Yes you are correct, one line hooked up means single tuner. Thats how I have it in my bedroom right now until I can get a stacker or someone to run th second line for me.


----------



## danpedraza (Sep 16, 2004)

What is a stacker and how much is it?


----------



## cabanaboy1977 (Nov 16, 2005)

danpedraza said:


> well i got the 2 dvrs installed and 2 standard recivers. The installer arrived late and was getting harassed by his wife while he was there. He did a rush job and put the dvr in the wrong room because he said it was too much work to drill through 2 sheetrock walls. My kid is happy sh has her own dvr but my wife is not. The installer told me the dvr would not work at all in my wifes room with the single cable. I dont think this is true/ Correct me if im wrong. Im thinking of just adding the dvr on the single line and will it work with only single tuner capabilities? And by the way my original reason to get DTV was the yankees. what are they 1-4 now.

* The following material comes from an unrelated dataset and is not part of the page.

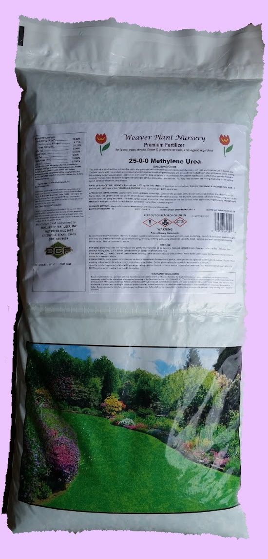 Packaged in 20 pound bags Weaver Plant Nursery Premium Fertilizer is available in a 25-0-0 and a 24-6-12 analysis. Both formulations have 60% of the nitrogen in slow-release form. The all nitrogen formulation is used on soils having excessive phosphorous (typically clay soils), and the 24-6-12 formulation is used on soils that need additional phosphorus. Both analyses are suited for use on lawns, trees, shrubs, and gardens. Each bag will cover 4,000 to 5,000 square feet.

I would call D* up and complain. Sounds like he just wanted to get home to the wife. You install called for the box to be installed were you want them not were the installer desides. Heck you might be able to get another R15 out of the deal for the installers lack of work ethic. He was able to run the one cable he should have taken the time to do the job correctly and drill the hole for the other line. D* should at least send out another installer to run another line to the correct room and you could always get another R15 in your daughters room later.


----------